We have often heard this week those words that she uttered on her 21st birthday, before she became Queen, when she said, “my whole life, whether it be long or short, shall be devoted to your service and the service of our great imperial family to which we all belong.” It was uttered with such a youthful voice, not knowing what that promise would mean, yet it was a promise we now recognise that she kept to the full.
Perhaps the idea of leadership as service is very familiar to us, but we shouldn't underestimate how radical and distinct this is from what we find in so many other moral and political frameworks. And it is of course a deeply Christian understanding of Leadership. Jesus the Son of God told his followers that “I am among you as one who serves.” At one moment he takes his disciples aside and utters these revolutionary words: “You know that those who are regarded as rulers of the Gentiles lord it over them, and their high officials exercise authority over them. Not so with you. Instead, whoever wants to become great among you must be your servant, and whoever wants to be first must be slave of all. For even the Son of Man did not come to be served, but to serve, and to give his life as a ransom for many.”
As a result, this is deeply inscribed in our own political vocabulary. We call the leader of our government the Prime Minister, we call Heads of Government departments Ministers of State, because of course the word ‘minister’ simply means servant – from the Latin word ministrare - "to act as a servant, to serve others.”
Of course, Roman or Chinese emperors did not see their calling as to serve their people at all - they had the power of life and death over them and they exercised it fairly ruthlessly. They saw themselves not the servants over the people but as rulers over them, somehow distinct from the rules that ordinary people have to follow, above the law that governed ordinary mortals.
Of course there are many examples of supposedly Christian monarchs who have abused their power but that is their betrayal of their Christianity not an expression of it. There are good Monarchs and not so good Monarchs. We are blessed to have had lived most of our lives under the reign of a good Monarch who understood the nature of leadership as a calling to serve those under her care.
Perhaps one of the main lessons we take from the life of Her late Majesty is to remind ourselves and to reinforce our sense that, ss someone once said, Leadership is not so much about being in charge, as taking care of those in our charge. If we are called to leadership in politics, in business, in a family or in the Church, leadership is primarily a calling to serve those under our care; it is a calling not so much to rule over them but to care them, to devote ourselves to their good above our own.
The second thing we might learn from Her Majesty is the value of Duty. Again, this is a word we've heard often this week. The BBC obituary to the Queen started with this sentence: “The long reign of Queen Elizabeth II was marked by her strong sense of duty and her determination to dedicate her life to her throne and to her people.” King Charles, in his speech to parliament, pledged himself to faithfully follow the Queen’s “example of selfless duty.”

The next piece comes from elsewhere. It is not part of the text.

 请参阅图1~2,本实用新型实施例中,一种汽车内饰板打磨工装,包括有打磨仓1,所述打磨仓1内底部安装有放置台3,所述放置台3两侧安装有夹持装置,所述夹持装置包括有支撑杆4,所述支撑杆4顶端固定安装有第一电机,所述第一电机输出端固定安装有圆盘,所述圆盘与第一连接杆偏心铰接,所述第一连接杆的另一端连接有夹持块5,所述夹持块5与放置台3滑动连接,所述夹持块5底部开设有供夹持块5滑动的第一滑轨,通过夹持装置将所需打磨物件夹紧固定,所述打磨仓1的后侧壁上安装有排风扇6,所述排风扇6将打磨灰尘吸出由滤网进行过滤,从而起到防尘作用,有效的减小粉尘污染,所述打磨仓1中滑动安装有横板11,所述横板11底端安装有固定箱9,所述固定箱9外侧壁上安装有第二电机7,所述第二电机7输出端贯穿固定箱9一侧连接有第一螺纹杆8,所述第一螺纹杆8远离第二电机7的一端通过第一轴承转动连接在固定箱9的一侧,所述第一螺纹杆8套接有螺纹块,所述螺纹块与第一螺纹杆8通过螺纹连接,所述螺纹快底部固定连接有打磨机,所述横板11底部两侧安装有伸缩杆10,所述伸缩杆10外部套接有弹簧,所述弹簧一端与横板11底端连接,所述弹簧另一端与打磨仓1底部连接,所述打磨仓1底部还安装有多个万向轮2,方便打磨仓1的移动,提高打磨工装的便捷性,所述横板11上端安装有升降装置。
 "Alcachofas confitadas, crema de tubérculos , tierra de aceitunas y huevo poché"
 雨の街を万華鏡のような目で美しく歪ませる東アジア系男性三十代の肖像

However, in an individualistic age that is often more concerned with rights than responsibilities, the idea of Duty has perhaps become a rather tarnished and dull word for us. Young men or women going off to fight or to work hard at home during the First or Second World wars would often speak of the importance of “doing their duty”. Those brought up in the Scouts movement in the past will know all about this with its call to ‘do my duty to the Queen and other people’. However these days it sounds a bit quaint. We don't tend to think of Duty as a very exciting or important thing. To describe something as ‘dutiful’ conveys the idea of it being boring and predictable. I sometimes go into schools to ask young people what they want to do with their lives. “To do my duty” is not an answer I get very often – although perhaps a century or so ago that might have been different.
Duty is all about keeping the promises and commitments that we make in life, even when they are personally inconvenient for us. It's about our ability to rely upon each other and to trust our fellow citizens to do what they say they will do. I'm sure there were days when the Queen woke up to face yet another round of civic engagements, papers to sign, Prime Ministers to meet and wished in her heart of hearts that she was just an ordinary citizen like the rest of us. Yet she always spoke of a sense of duty to this calling and even felt it was one of those commitments, like marriage or to family, that is intended to remain in place until death - there was no retirement from being Queen.

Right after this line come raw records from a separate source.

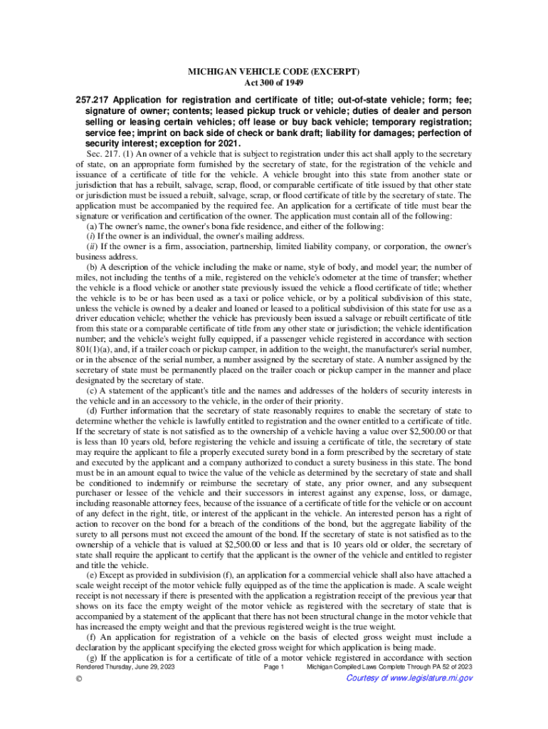 MICHIGAN VEHICLE CODE (EXCERPT) Act 300 of 1949 257.217 Application for registration and certificate of title; outofstate vehicle; form; fee; signature of owner; contents; leased pickup truck or vehicle;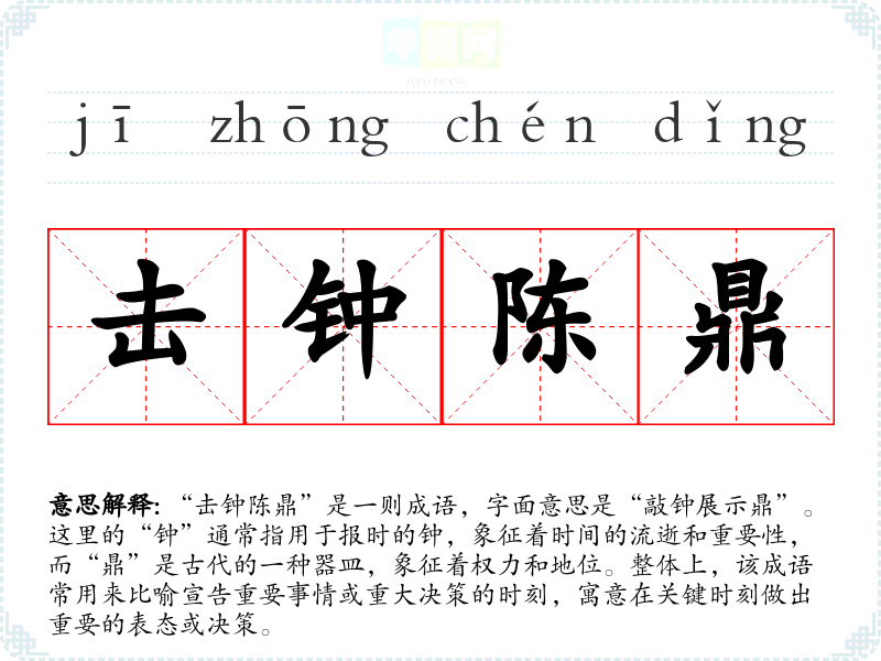 “击钟陈鼎”是一则成语,字面意思是“敲钟展示鼎”。这里的“钟”通常指用于报时的钟,象征着时间的流逝和重要性,而“鼎”是古代的一种器皿,象征着权力和地位。整体上,该成语常用来比喻宣告重要事情或重大决策的时刻,寓意在关键时刻做出重要的表态或决策。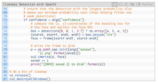 1. gather_examples.py:这个脚本从输入的视频文件中提取了面部 ROI,帮助我们创建了深度学习面部活体数据集;

A sense of duty is vital for our common life together. The philosopher David Selbourne has written a great deal about Duty – he describes it as the fundamental principle of the civic order. For a society to function well, we need to have a sense that we have obligations, not just to ourselves but to each other and to our common life. A society where no one feels they have any sense of duty to anyone else, or to fulfil their role within civic life, to play their own part in making a society function well and in a humane way, is likely to be a dysfunctional and fractured society.

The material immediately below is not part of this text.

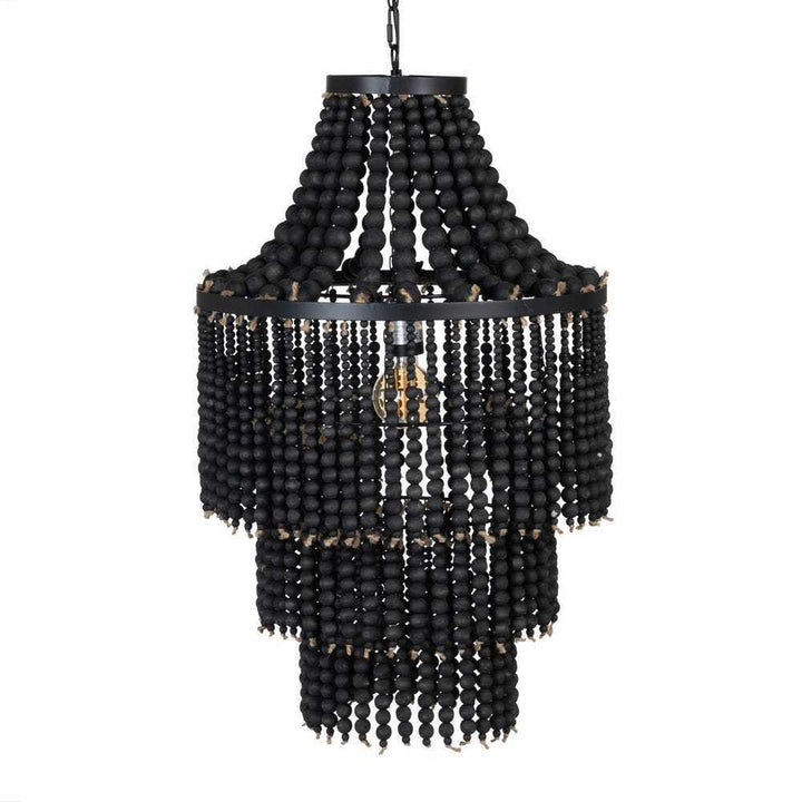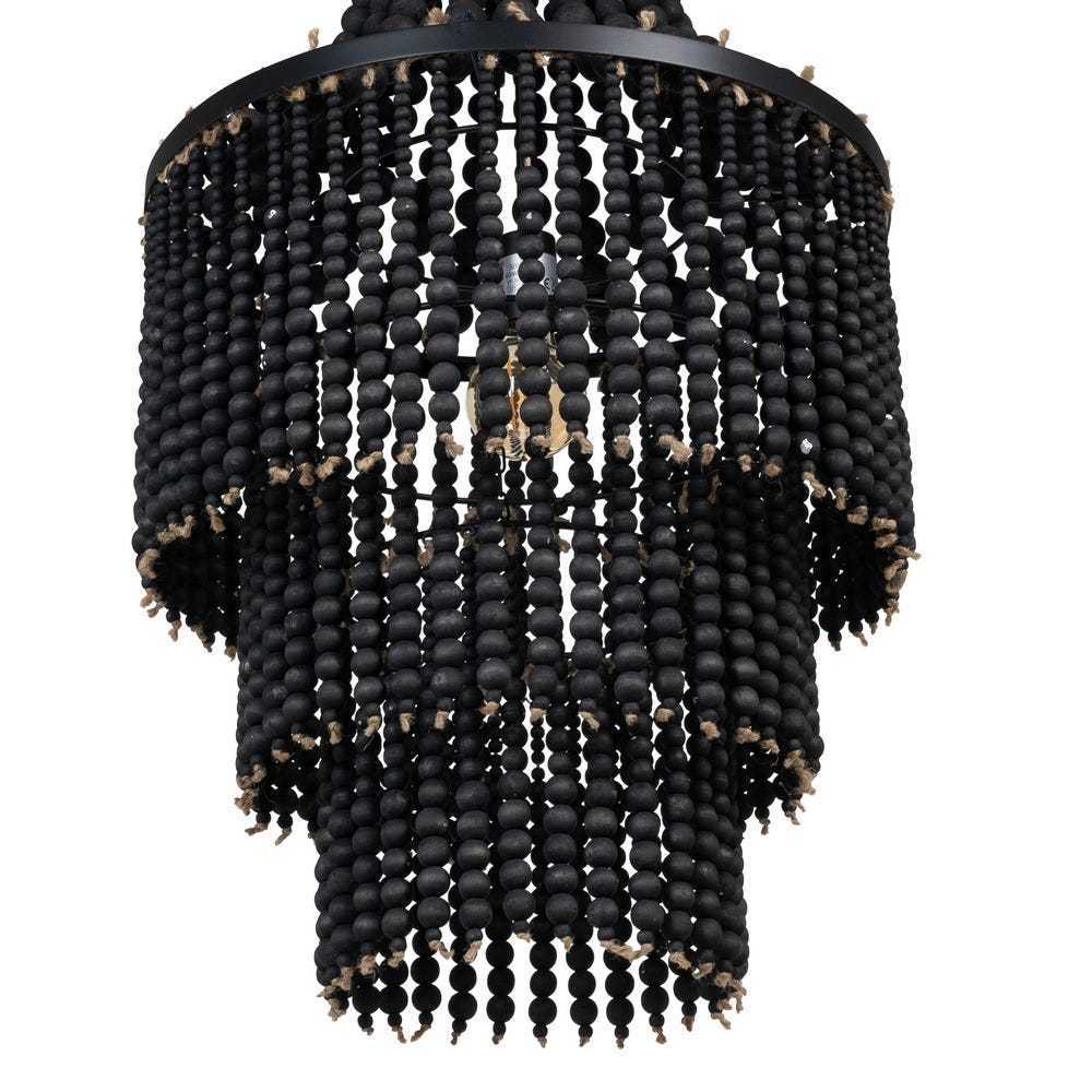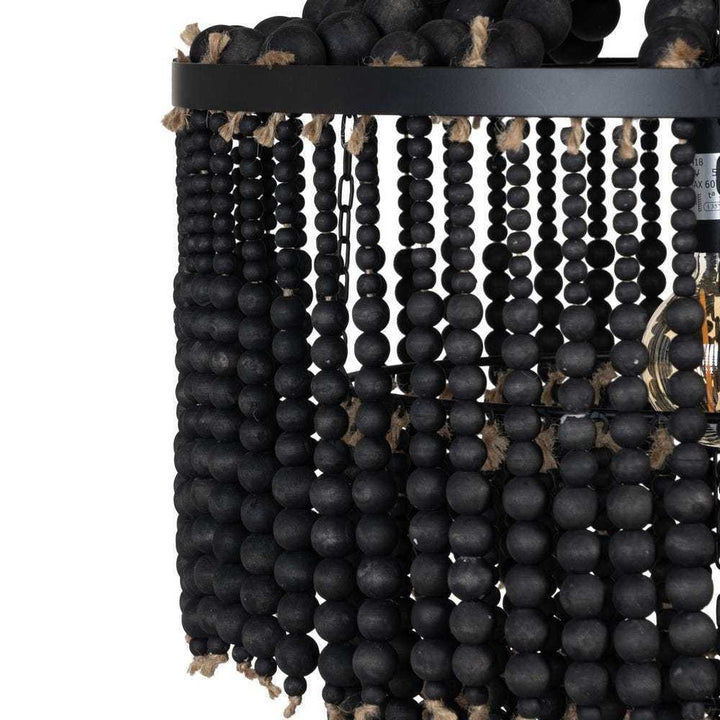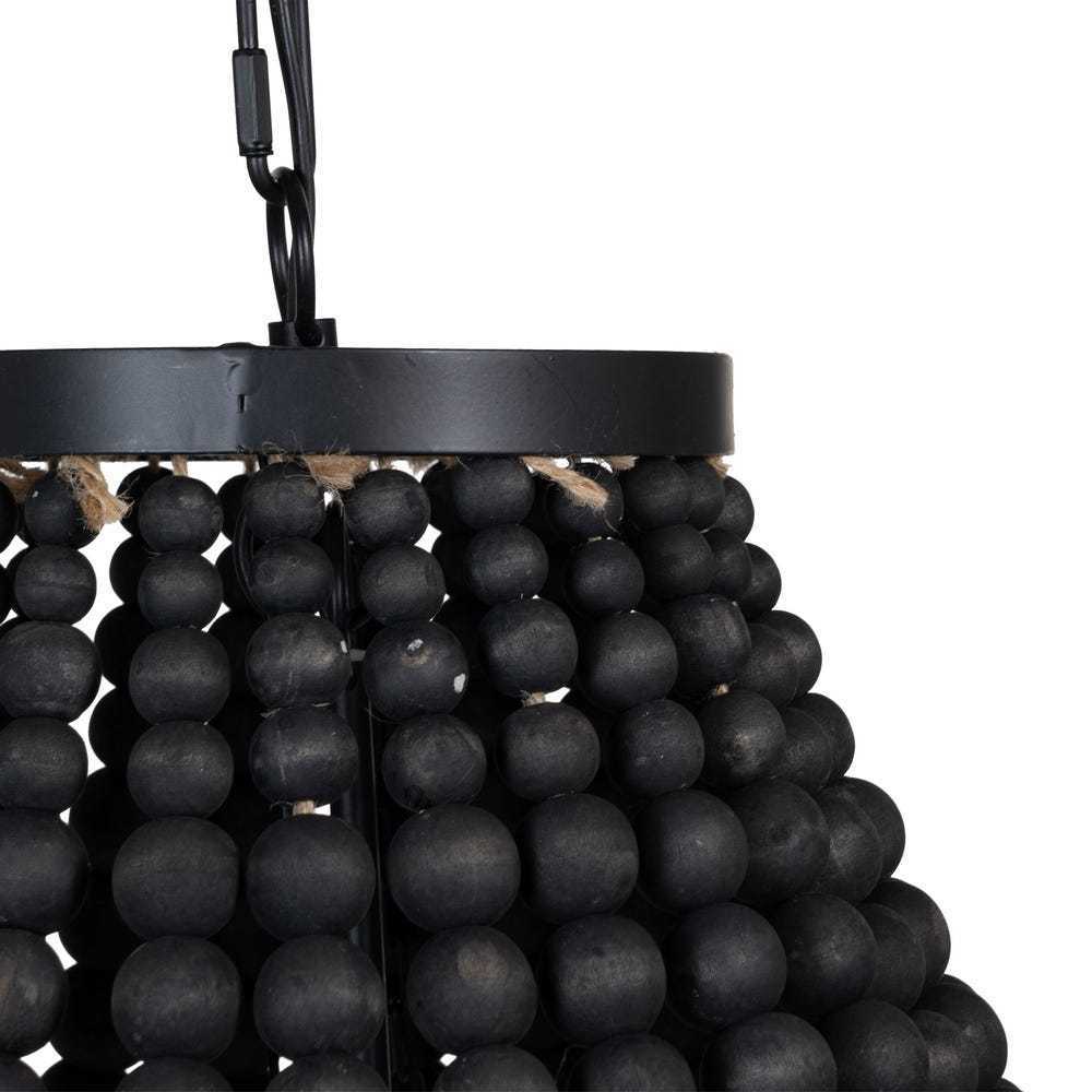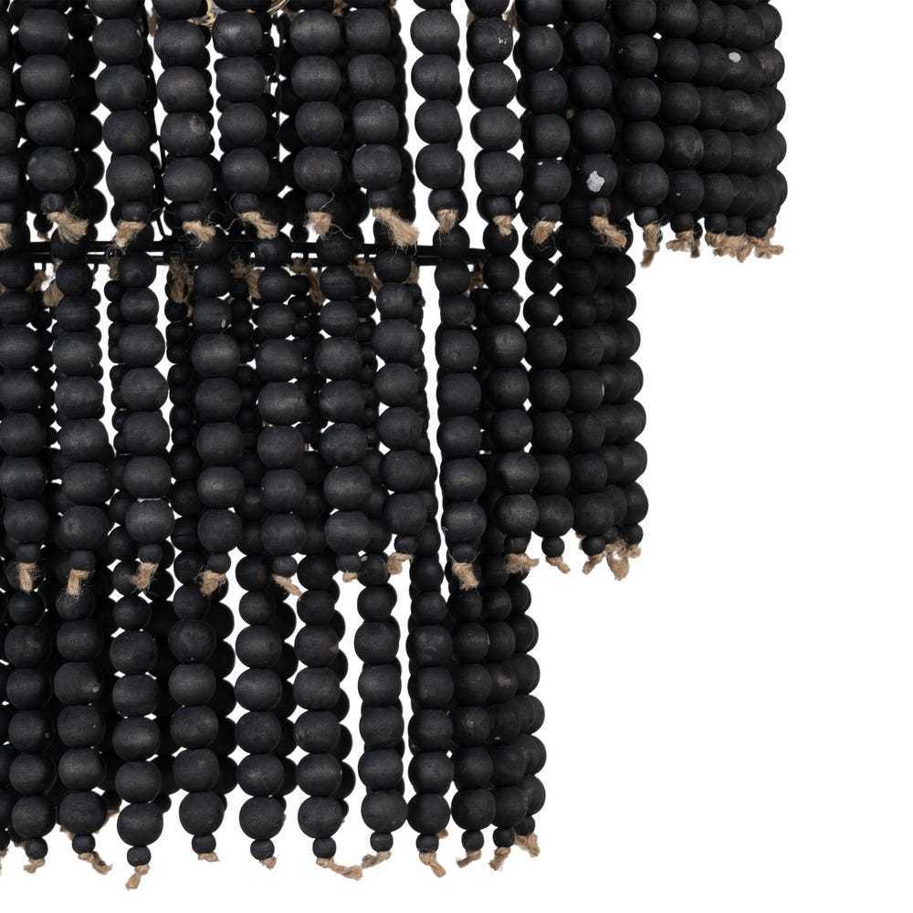 Realizzato con una struttura in metallo nero e arricchito da delicate perline in legno, questo lampadario è la scelta ideale per chi cerca un'illuminazione di carattere.

Perhaps her death is a reminder to us of calling to be faithful to the commitments we make as best we can, to our families, our marriages, our workplaces, our communities. Keeping promises is not always easy and of course, relationships, families, jobs don't always work out straightforwardly but a sense of duty and faithfulness can at times help us keep going through those periods of difficulty rather than giving up at the first sign of trouble. The Queen’s example is a powerful sign for us as to the importance and centrality of duty to our common life.
Perhaps the last thing that the Queen's life points us to is our need for a sense of permanence. For most of us, she is the only Queen we have ever known. She has been a steady regular presence in our lives - always there for Christmas broadcasts, Trooping the Colour, FA Cup Finals, her face on every bank note we’ve spent or stamp we've ever bought. As the Archbishop of Canterbury said early this week, her death has taken away something stable and steady in our lives and so we feel a little less secure than we did before.
Perhaps underneath much of our behaviour of the past week lies this longing for permanence. A very public death like this reveals our own death, our frailty and mortality. It makes us face the passage of time and makes us long for stability, perhaps even for eternity.
Even the desire for a photo, the seas of mobile phones stretched out to try to get a photo of the coffin as it went past, is a desire for something permanent – a sure record that ‘I was there’, to capture the experience for ever, so much so that we can hardly experience the moment itself.
The fast-changing pace of our social and political life, the cultural shifts that make our world seem so different from that of the Queen’s generation have perhaps bred in us a deeply-felt and often unspoken and unrecognised desire for something longer-lasting, something that can be relied on.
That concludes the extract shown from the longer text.